Required work:
Begin at the first line of the data and copy each line through the one containing "RETURN REASON: Corner is damaged", that line included, with no pictures.

Given information:
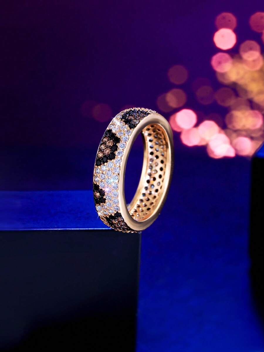1 szt. Atrakcyjny, unikalny wzór lamparta i węża, mikro-brukowany cyrkonia sześcienna, okrągły pierścień dla kobiet, zaręczyny, konkurs piękności, ślub, akcesoria do biżuterii imprezowej
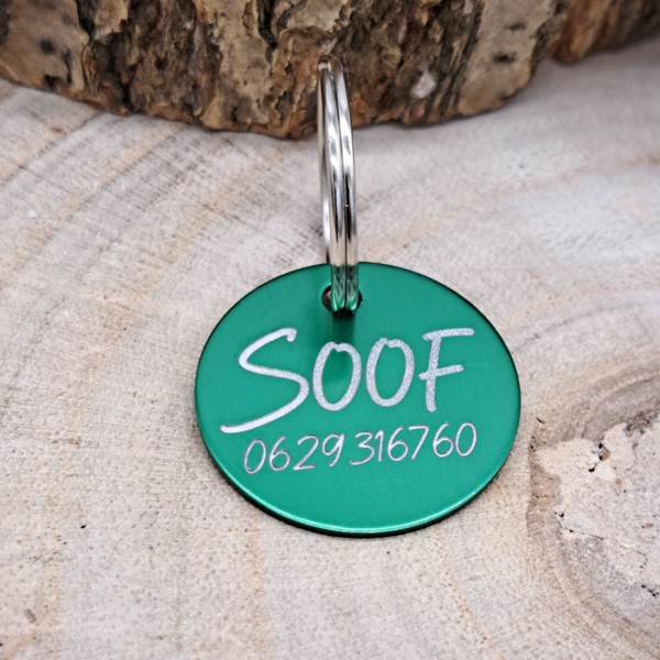 De penning wordt aan een ringetje bevestigd zodat je deze aan de halsband kunt vastmaken.
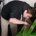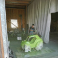 Nach der Grundierung kleben Andrea, Lukas und Michael Autoteile ab und beginnen zu lackieren. Grün, Schwarz, die Startnummer 7, …
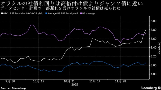 (ブルームバーグ):米IT大手オラクルが新たに発行した投資適格債の価格は、先週の9-11月(第2四半期)決算発表後に下落が続き、ジャンク(投機的格付け)債に近い水準まで利回りが上昇した。
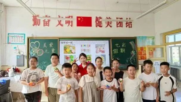 志愿者们以“七一”建党日为契机,用思政教育串联起祖国旗帜的故事,鲜活的历史片段随着草原的风浸润童心;手工课上,孩子们将五颗黄星郑重粘在红布上,稚嫩的小国旗扬起时,红色基因已如黑土下的根系般悄悄延展;数学题的难题被画图拆解,混淆的拼音在逐字拼读中清晰,困惑的眼神亮起时,知识的嫩芽正破土而出;志愿者们用发霉的面包与助消化的益生菌作比,并带来羊肚菌的故事,科学探索的种子便在好奇的目光中扎根;在互动游戏中学会了情绪的表达,安全知识抢答声里,交通安全、防溺水的要点深植心间。这些守护成长的瞬间,恰似黑土地默默涵养着每一株幼苗。
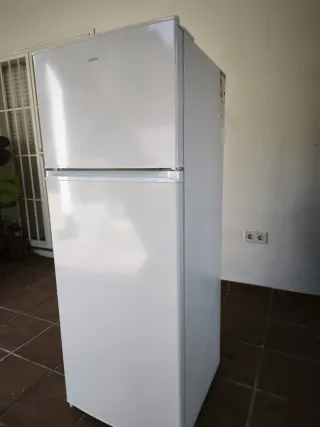 Nevera de la marca Qilive en color blanco 204 litros. En garantía. Perfecto estado prácticamente nueva. En Alcampo vale 228 Euros. Mira las fotos en detalle y podrás comprobar que está nueva. - Diseño moderno y funcional. - Puerta superior para congelador. - Puerta inferior para refrigerador.
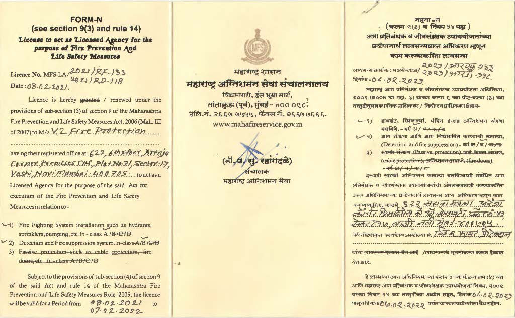 V2 Fire Protection established in 2006 is a Class A Licensing Agency certified by Maharashtra Fire Services for fire & safety engaged in designing, supplying, installing testing & commissioning all types of Fire Protection Systems on turnkey basis based on TAC/LPA/NFPA/FM global standards.
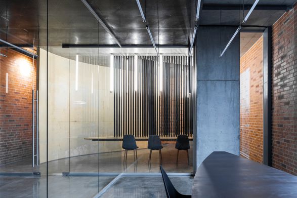 The glass walls are used to divide the functional parts of the office, also they maximize the sunlight access into all working spaces.
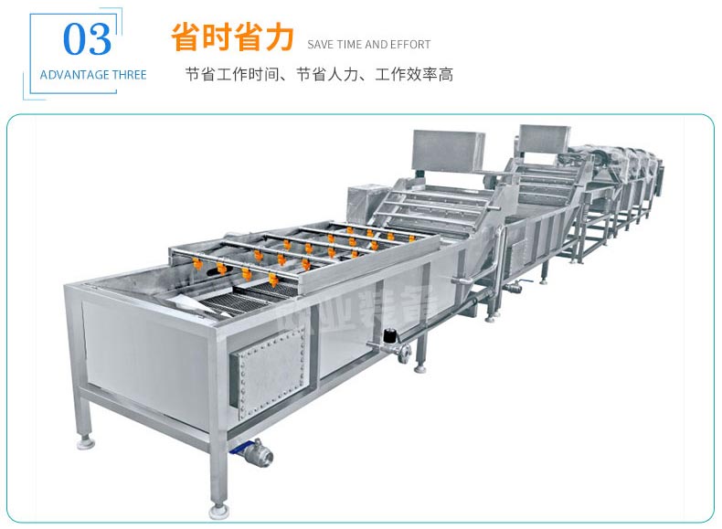 流水線采用食品級材料安全可靠、無污染。輸送平穩,速度可調,將前道整理去雜等工序切割完畢的蔬菜通過強力鼓泡、水流沖浪、翻轉、高壓噴淋等清洗方式,從而使蔬菜更潔凈,更清脆,并延長蔬菜的儲存時間。將帶有水的蔬菜震動風干脫水后再做即可自動裝筐、稱重、包裝入庫。  該流水線適用于:蔬菜、水產品等顆粒狀、葉狀、根莖類產品的清洗等。
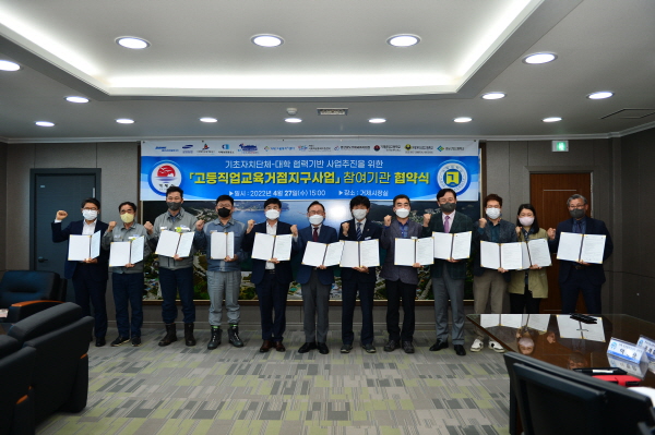 거제대학교(총장 허정석)는 27일 거제시시실에서 거제시와 13개 기관이 참석한 가운데 '2022년 고등직업교육거점지구 사업' 협약식과 함께 고등직업교육혁신위원회 발족식을 가졌다.
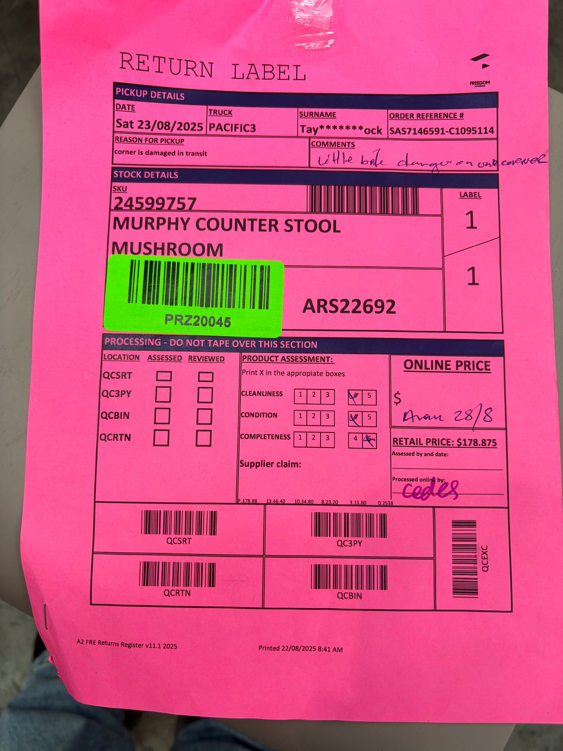 RETURN REASON: Corner is damaged
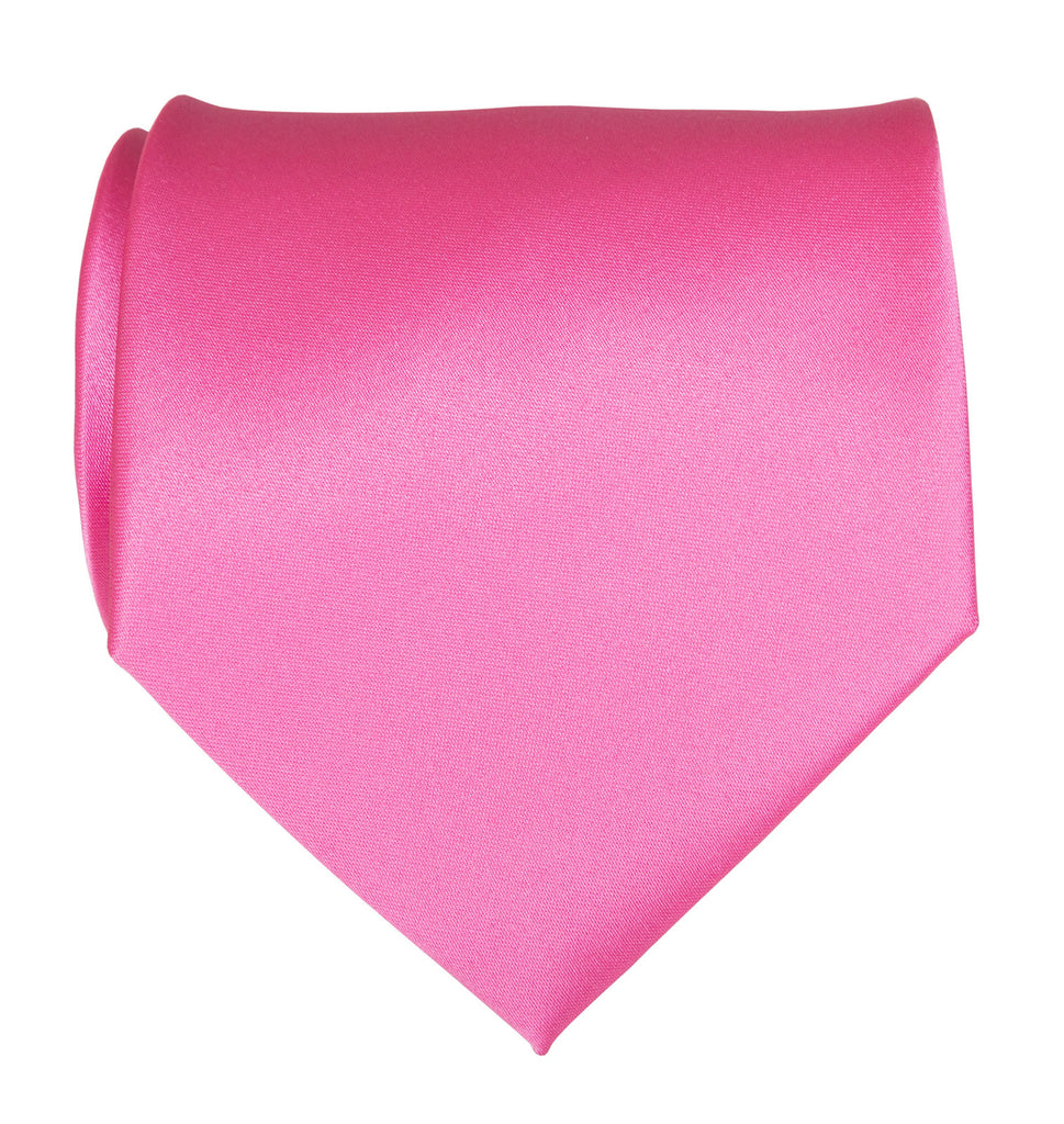 Hot Pink Necktie: Solid Color Satin Finish Tie, No Print. Perfect for any formal occasion, or for when you need a plain, hot pink necktie in your wardrobe. How can this possibly be hard to find? (Well it is.) But fear not, because we have it! Ties are bias cut, hand rolled, and hand sewn with a hidden slip stitch, ensuring a perfect knot every time.
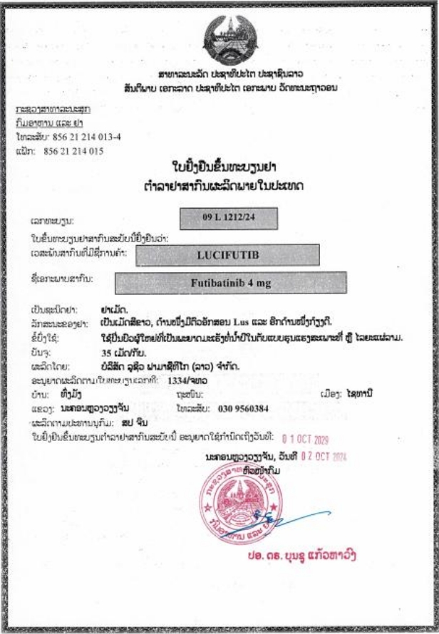 | 产品名称 : | 福巴替尼片 Futibatinib tablets 福替替尼 Lytgobi LuciFutib |

Task solution:
1 szt. Atrakcyjny, unikalny wzór lamparta i węża, mikro-brukowany cyrkonia sześcienna, okrągły pierścień dla kobiet, zaręczyny, konkurs piękności, ślub, akcesoria do biżuterii imprezowej
 De penning wordt aan een ringetje bevestigd zodat je deze aan de halsband kunt vastmaken.
 Nach der Grundierung kleben Andrea, Lukas und Michael Autoteile ab und beginnen zu lackieren. Grün, Schwarz, die Startnummer 7, …
 (ブルームバーグ):米IT大手オラクルが新たに発行した投資適格債の価格は、先週の9-11月(第2四半期)決算発表後に下落が続き、ジャンク(投機的格付け)債に近い水準まで利回りが上昇した。
 志愿者们以“七一”建党日为契机,用思政教育串联起祖国旗帜的故事,鲜活的历史片段随着草原的风浸润童心;手工课上,孩子们将五颗黄星郑重粘在红布上,稚嫩的小国旗扬起时,红色基因已如黑土下的根系般悄悄延展;数学题的难题被画图拆解,混淆的拼音在逐字拼读中清晰,困惑的眼神亮起时,知识的嫩芽正破土而出;志愿者们用发霉的面包与助消化的益生菌作比,并带来羊肚菌的故事,科学探索的种子便在好奇的目光中扎根;在互动游戏中学会了情绪的表达,安全知识抢答声里,交通安全、防溺水的要点深植心间。这些守护成长的瞬间,恰似黑土地默默涵养着每一株幼苗。
 Nevera de la marca Qilive en color blanco 204 litros. En garantía. Perfecto estado prácticamente nueva. En Alcampo vale 228 Euros. Mira las fotos en detalle y podrás comprobar que está nueva. - Diseño moderno y funcional. - Puerta superior para congelador. - Puerta inferior para refrigerador.
 V2 Fire Protection established in 2006 is a Class A Licensing Agency certified by Maharashtra Fire Services for fire & safety engaged in designing, supplying, installing testing & commissioning all types of Fire Protection Systems on turnkey basis based on TAC/LPA/NFPA/FM global standards.
 The glass walls are used to divide the functional parts of the office, also they maximize the sunlight access into all working spaces.
 流水線采用食品級材料安全可靠、無污染。輸送平穩,速度可調,將前道整理去雜等工序切割完畢的蔬菜通過強力鼓泡、水流沖浪、翻轉、高壓噴淋等清洗方式,從而使蔬菜更潔凈,更清脆,并延長蔬菜的儲存時間。將帶有水的蔬菜震動風干脫水后再做即可自動裝筐、稱重、包裝入庫。  該流水線適用于:蔬菜、水產品等顆粒狀、葉狀、根莖類產品的清洗等。
 거제대학교(총장 허정석)는 27일 거제시시실에서 거제시와 13개 기관이 참석한 가운데 '2022년 고등직업교육거점지구 사업' 협약식과 함께 고등직업교육혁신위원회 발족식을 가졌다.
 RETURN REASON: Corner is damaged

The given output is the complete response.